- **Available records**
== Segment start ==
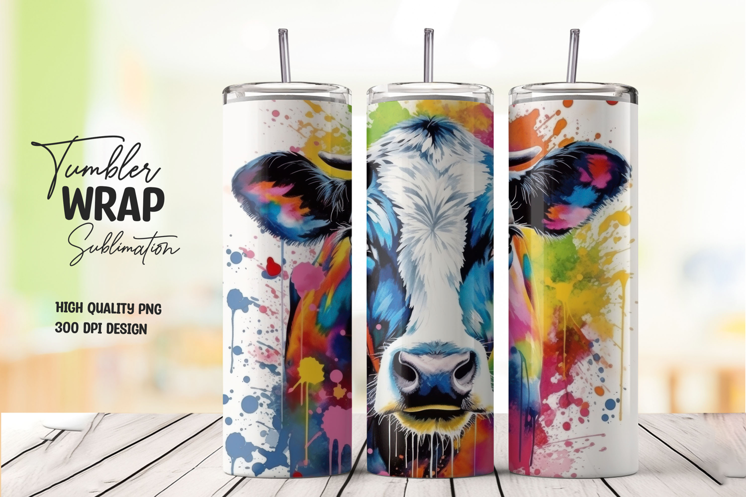 Watercolor Colorful Artistic Abstract Png Cow Wrap Sublimation Tumbler 20oz Tumbler
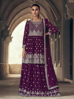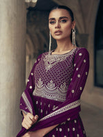 Drape yourself in timeless elegance and be the epitome of grace with our Purple Real Georgette Gharara Style Embroidered Suit, a symbol of Indian tradition and craftsmanship at its finest."
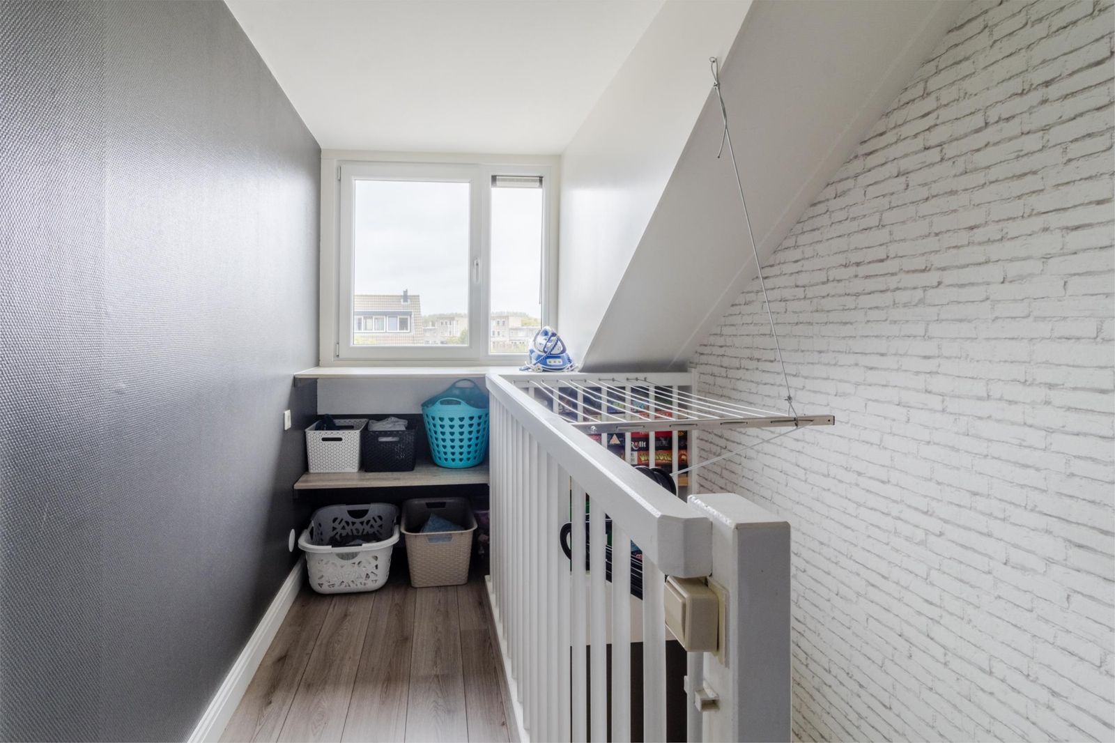 Via een vaste trap bereik je de tweede verdieping. Hier kom je op een ruime overloop met praktische bergruimte. Daarnaast vind je hier de aansluitingen voor de cv-combiketel en voldoende plek voor zowel de wasmachine als de droger. Dankzij de slimme indeling is dit niet alleen een functionele, maar ook een overzichtelijke ruimte, waar je alles netjes kunt wegwerken.
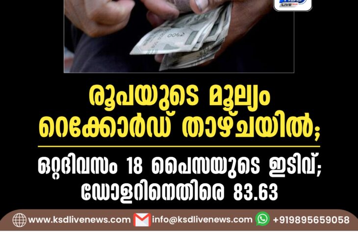 ദേശീയം രൂപയുടെ മൂല്യം റെക്കോര്ഡ് താഴ്ചയില്, ഒറ്റദിവസം 18 പൈസയുടെ ഇടിവ്; ഡോളറിനെതിരെ 83.63June 20, 2024
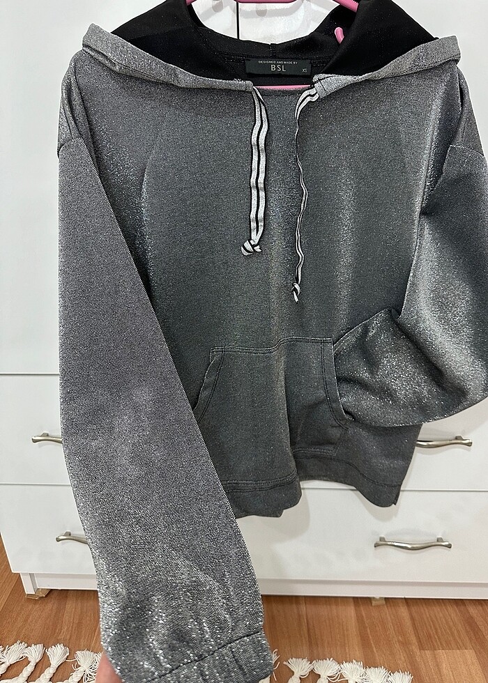 Parlak sweatshirt kapüşonlu
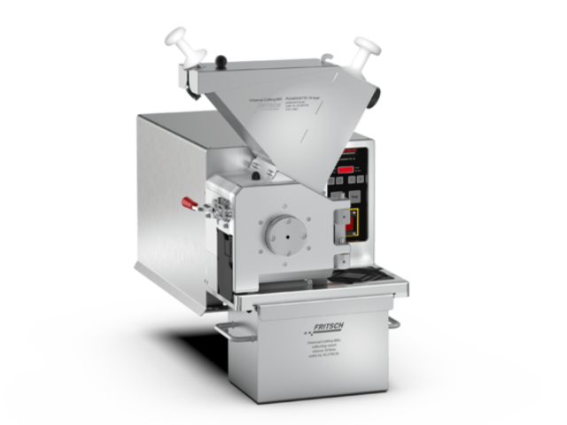 PULVERISETTE 19 large - мощная низкоскоростная универсальная режущая мельница для быстрого измельчения твердых, жестко-эластичных и чувствительных к температуре материалов и пластмасс с максимальным размером загружаемого материала 120 x 85 мм и производительностью до 85 л /ч с низкой частотой вращения 50-700 об/мин и необслуживаемым трехфазным двигателем с преобразователем частоты мощностью 2,8 кВт.
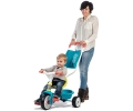 Z regulowaną rączką, blokadą kierownicy, pasami i pierścieniem bezpieczeństwa ergonomicznym siedziskiem, blokadą wolnego koła oraz schowkiem na drobiazgi i torbą
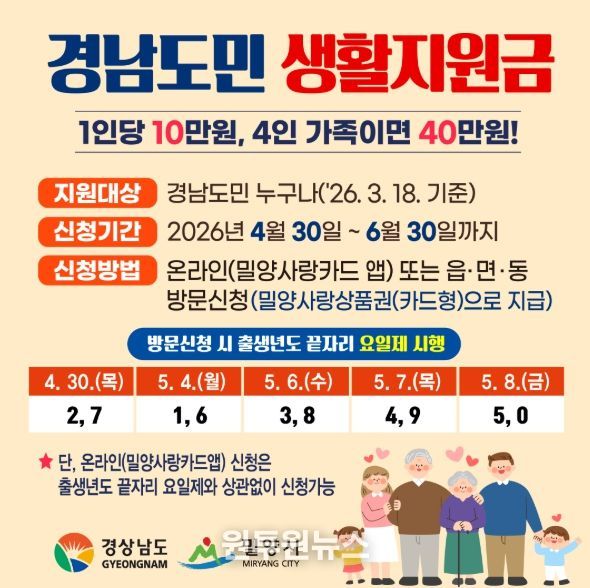 (원투원뉴스) 경남 밀양시는 오는 4월 30일부터 시민 생활 안정을 지원하기 위한 ‘경남도민 생활지원금’ 신청을 받는다고 밝혔다.
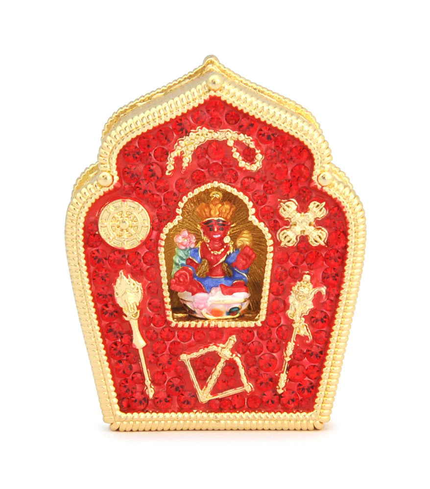 This Red Tara Gau features exquisite Red Tara in the center, surrounded with brilliant red gemstone crystals that invoke the power of Red Tara. It also features the implements of Kurukulle, one of the emanations of Red Tara, who has the power to help those who wish to enhance their luck in love and their relationships with friends and colleagues or associates at work.
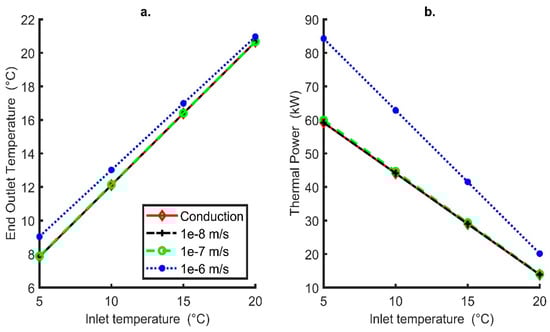 Six-month simulation of heat extraction only from DBHE, with constant inlet temperature and internal fluid flow rate of 5 L/s. (a) shows the impact of varying DBHE constant inlet temperature and groundwater Darcy velocity on DBHE outlet temperature; (b) shows the impact on final thermal output from DBHE after 6 months. Groundwater Darcy velocity is varied between 0 m/s (conduction only) and 1e-6 m/s. Outlet temperatures and thermal powers were recorded at the end of the simulation.
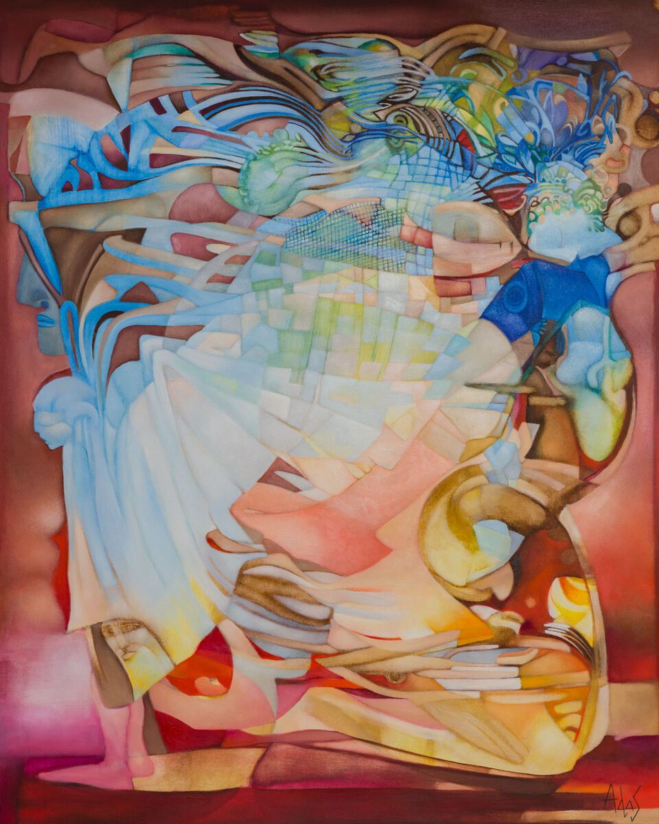 Painted for an annual showcase in Zakopane, Poland, this beautiful and vibrant work explodes with the artists interpretation of the angel-theme around which the showcase was based. The work may not fit into any traditional religious motifs, but it certainly overflows with spirit and soul. A wide cast of characters are represented and blend, lean, and flow into one other. Painted with oil paint on a deep 3.5cm stretched canvas - the painting wraps around the sides of the canvas allowing the painting to be hung directly without framing.
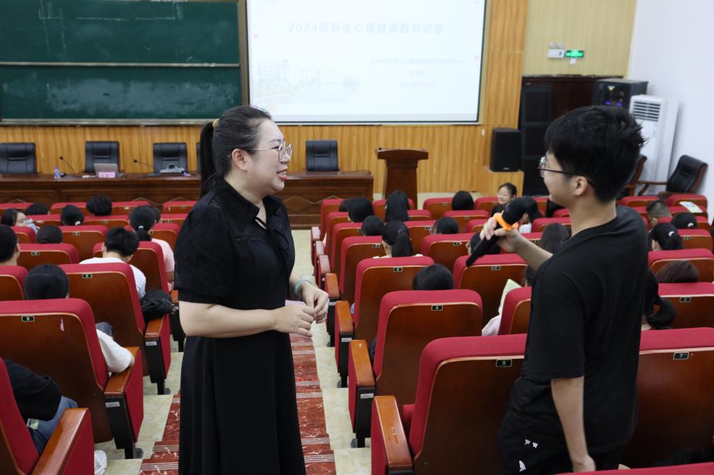 讲座伊始,吕学巧通过热身小游戏“小鸡快跑”,拉近了与新生的距离。讲座中,吕学巧以专业的知识和生动的案例,深入浅出地讲解了大学生常见的心理问题及应对方法。她强调了心理健康对于大学生成长成才的重要性,引导同学们正确认识自己的情绪和压力,学会积极的心理调适技巧。最后,讲座围绕心理健康的维护和促进、心理咨询为同学们提出了一些切实可行的建议,介绍了我校心理咨询中心的场所、预约方式和服务内容,引导新生在今后的大学生活中,遇到问题要善于自助、敢于求助,培养自信、乐观、积极的心态。
== Segment end ==
- **How to complete this task**
The entries above need to be repeated in full, word for word. Skip the images.

- **Solution below**
 Watercolor Colorful Artistic Abstract Png Cow Wrap Sublimation Tumbler 20oz Tumbler
 Drape yourself in timeless elegance and be the epitome of grace with our Purple Real Georgette Gharara Style Embroidered Suit, a symbol of Indian tradition and craftsmanship at its finest."
 Via een vaste trap bereik je de tweede verdieping. Hier kom je op een ruime overloop met praktische bergruimte. Daarnaast vind je hier de aansluitingen voor de cv-combiketel en voldoende plek voor zowel de wasmachine als de droger. Dankzij de slimme indeling is dit niet alleen een functionele, maar ook een overzichtelijke ruimte, waar je alles netjes kunt wegwerken.
 ദേശീയം രൂപയുടെ മൂല്യം റെക്കോര്ഡ് താഴ്ചയില്, ഒറ്റദിവസം 18 പൈസയുടെ ഇടിവ്; ഡോളറിനെതിരെ 83.63June 20, 2024
 Parlak sweatshirt kapüşonlu
 PULVERISETTE 19 large - мощная низкоскоростная универсальная режущая мельница для быстрого измельчения твердых, жестко-эластичных и чувствительных к температуре материалов и пластмасс с максимальным размером загружаемого материала 120 x 85 мм и производительностью до 85 л /ч с низкой частотой вращения 50-700 об/мин и необслуживаемым трехфазным двигателем с преобразователем частоты мощностью 2,8 кВт.
 Z regulowaną rączką, blokadą kierownicy, pasami i pierścieniem bezpieczeństwa ergonomicznym siedziskiem, blokadą wolnego koła oraz schowkiem na drobiazgi i torbą
 (원투원뉴스) 경남 밀양시는 오는 4월 30일부터 시민 생활 안정을 지원하기 위한 ‘경남도민 생활지원금’ 신청을 받는다고 밝혔다.
 This Red Tara Gau features exquisite Red Tara in the center, surrounded with brilliant red gemstone crystals that invoke the power of Red Tara. It also features the implements of Kurukulle, one of the emanations of Red Tara, who has the power to help those who wish to enhance their luck in love and their relationships with friends and colleagues or associates at work.
 Six-month simulation of heat extraction only from DBHE, with constant inlet temperature and internal fluid flow rate of 5 L/s. (a) shows the impact of varying DBHE constant inlet temperature and groundwater Darcy velocity on DBHE outlet temperature; (b) shows the impact on final thermal output from DBHE after 6 months. Groundwater Darcy velocity is varied between 0 m/s (conduction only) and 1e-6 m/s. Outlet temperatures and thermal powers were recorded at the end of the simulation.
 Painted for an annual showcase in Zakopane, Poland, this beautiful and vibrant work explodes with the artists interpretation of the angel-theme around which the showcase was based. The work may not fit into any traditional religious motifs, but it certainly overflows with spirit and soul. A wide cast of characters are represented and blend, lean, and flow into one other. Painted with oil paint on a deep 3.5cm stretched canvas - the painting wraps around the sides of the canvas allowing the painting to be hung directly without framing.
 讲座伊始,吕学巧通过热身小游戏“小鸡快跑”,拉近了与新生的距离。讲座中,吕学巧以专业的知识和生动的案例,深入浅出地讲解了大学生常见的心理问题及应对方法。她强调了心理健康对于大学生成长成才的重要性,引导同学们正确认识自己的情绪和压力,学会积极的心理调适技巧。最后,讲座围绕心理健康的维护和促进、心理咨询为同学们提出了一些切实可行的建议,介绍了我校心理咨询中心的场所、预约方式和服务内容,引导新生在今后的大学生活中,遇到问题要善于自助、敢于求助,培养自信、乐观、积极的心态。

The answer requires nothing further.